It’s the ones closest to the addict who are in the best position to see the reach for help, and addicts will signal it in many ways. Here are the ten most common signs of an addict’s cry for help:
- Heightened tolerance
- Deceptive behavior
- Deterioration in appearance
- Forgetting their actions and words
- Financial struggles
- Risky behavior
- Moody and unpredictable
- Shifting from being responsible to barely getting by
- Worsening mental health
These are red flags that your loved one is facing addiction and is subconsciously or consciously crying out for help. Intervention may be imperative.
- Heightened tolerance: They need a lot more alcohol, prescription pain medication or street drugs — whatever their substance of choice might be — to get the effect they’re seeking. You might notice they’re filling a prescription more often, or buying an extra case of beer more often. This is because, as an addiction escalates, tolerance develops and the body requires more of the drug just to feel “normal.”
- Deceptive behavior: The addict will try to disguise their behavior. They might do this by hiding bottles of alcohol, showing up at events already intoxicated so they don’t appear to drink too much in public, or hiding prescription medications in unmarked bottles so you can’t identify them as addictive substances.
- Deterioration in appearance: A person facing addiction will have a noticeable deterioration in appearance. An addict has one goal each day, which is to get the substance fix they need. As this need becomes more pressing, other needs get left by the wayside. Their clothes may appear disheveled. They may shave less often. They might appear tired and haggard much of the time. Women often try to disguise this with more makeup.
Remember, however, that an addict will put enormous effort into hiding their problem, so a decline in appearance may not occur until the later stages of addiction.
- Forgetting what they did or said: It’s common for heavy substance abusers to experience blackouts or brownouts. These are periods of time that the addict cannot recall. They might have a hazy recall or no recall of events that occurred when they were intoxicated. You might remark on something they said or did at a party and they look utterly baffled. This is a sign of serious substance abuse, especially if it occurs more than once or twice.
- Financial struggles: They are having money problems that can’t be explained. Addicts can be adept at manipulating others to feed their addiction, but, eventually, the cost of substance abuse catches up to them and they can no longer hide dire financial straits. If someone is wealthy, this sign can take a lot of time to show up, which may mean their addiction can progress to a much more serious stage before they feel financial pressure to find a solution.

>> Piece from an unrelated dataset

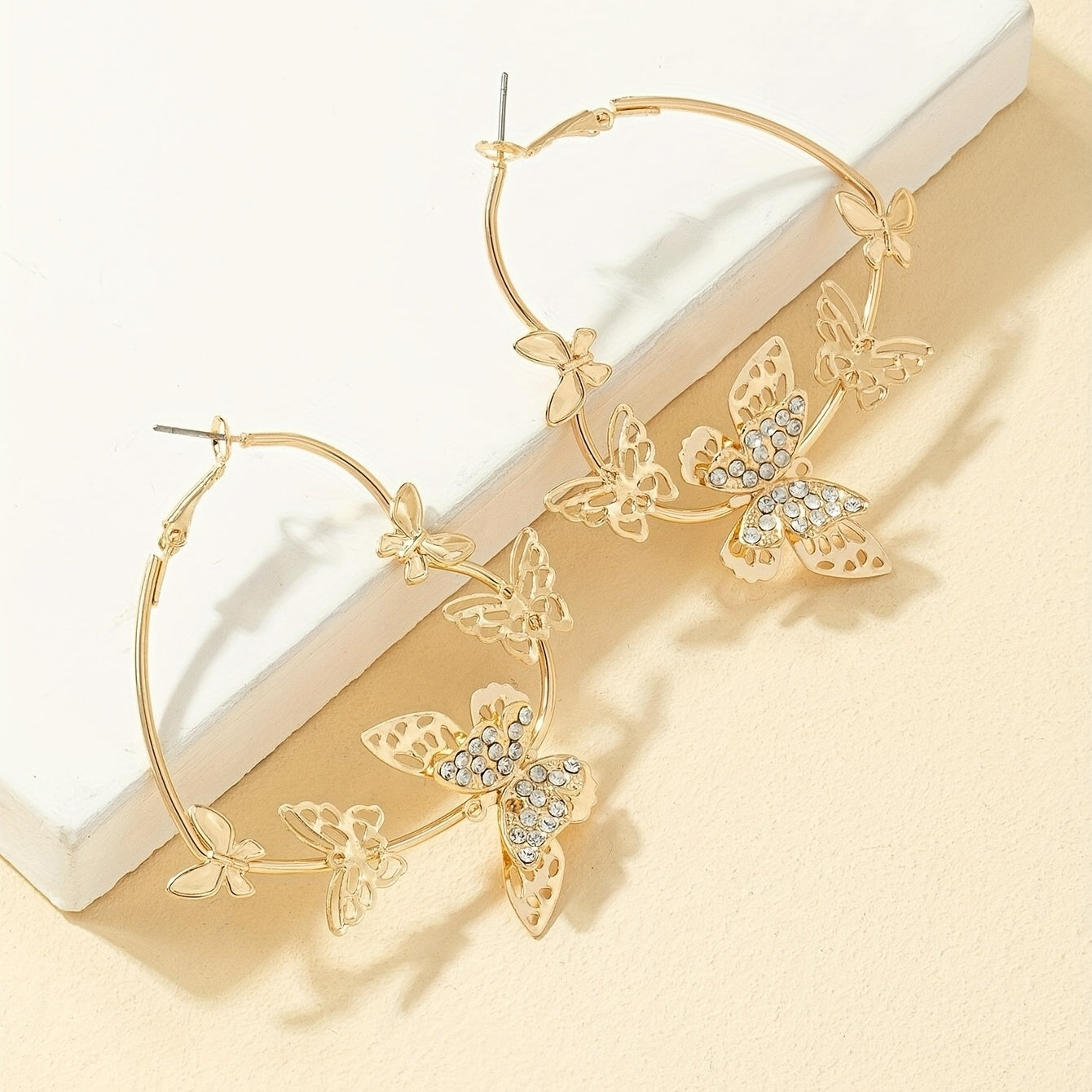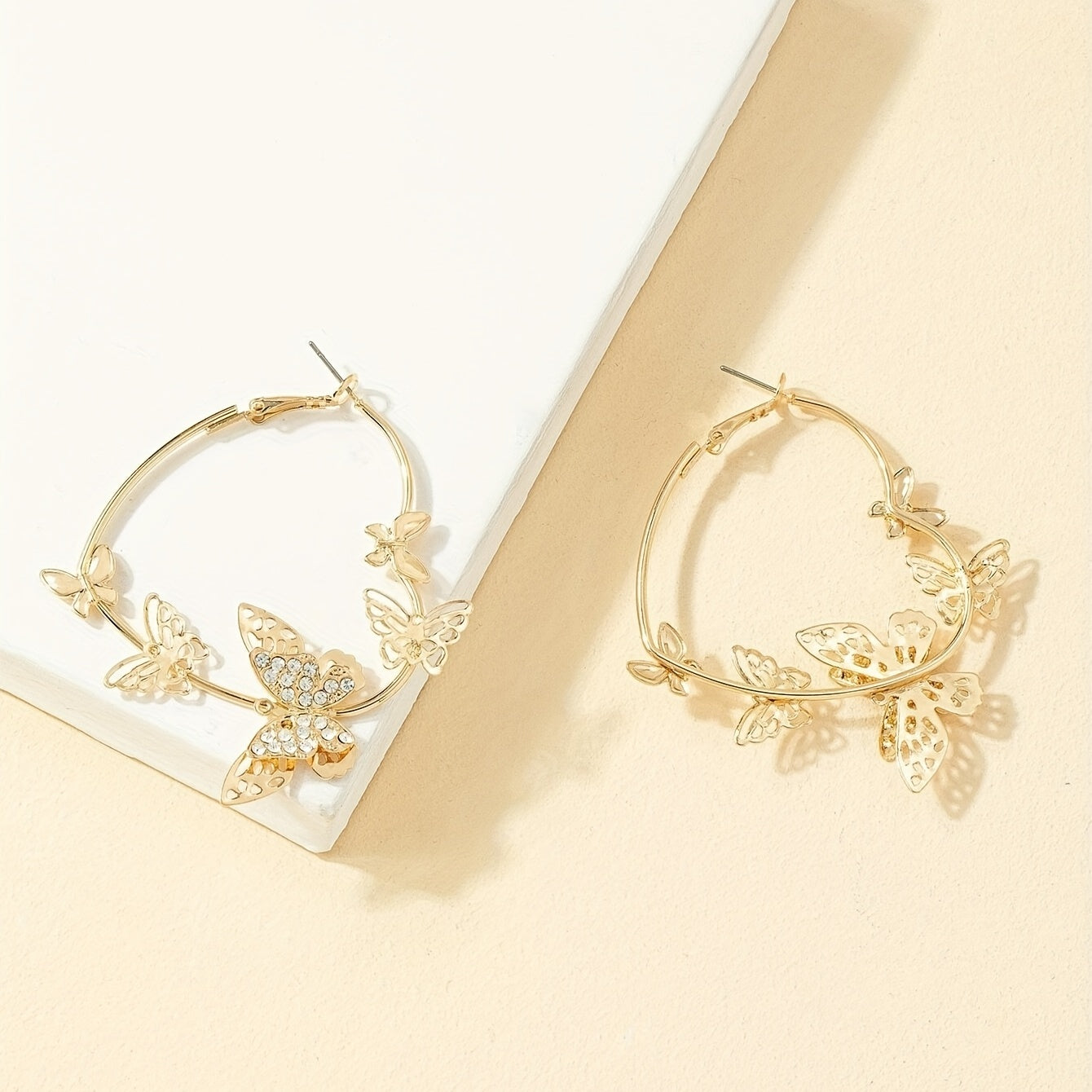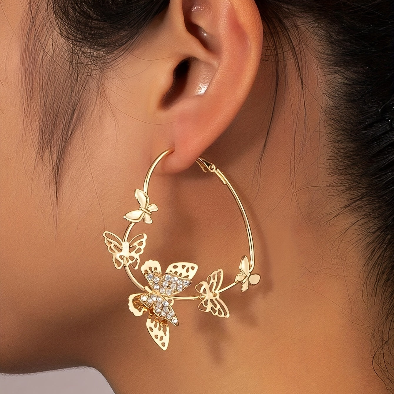 These stunning hoop earrings feature a heart shape design with golden butterflies and rhinestone inlays. Perfect for adding a touch of elegance to any outfit.

If you’ve been supporting the addict with money, be aware that you may be feeding their addiction.
- Risky behavior: Addicts can experience an unusual number of accidents and injuries. Or, they may miss the accident, but end up with a DUI. If your loved one gets one DUI, that’s a problem. Two DUIs indicates a much bigger problem. Generally, normal drinkers get the message with one mistake. Those who get repeated DUIs get them because they cannot stop themselves from drinking. Once they have that first drink, they lose the ability to control their intake.
For prescription drug addicts, they may have real injuries, or they may begin to “manufacture” pain to get more medication. As addiction progresses, the addict has less regard for their physical health. They may become more “accident prone” and show signs such as bruises or unexplained injuries.
- Moody and unpredictable: Addicts exhibit irrational behavior and mood swings. Being around an addict can be like riding a roller coaster. They will often overreact, particularly to even the slightest mention of their drinking or drug use. You never know if they’ll be angry, depressed, happy, elated, miserable, hostile or any number of other intense emotions.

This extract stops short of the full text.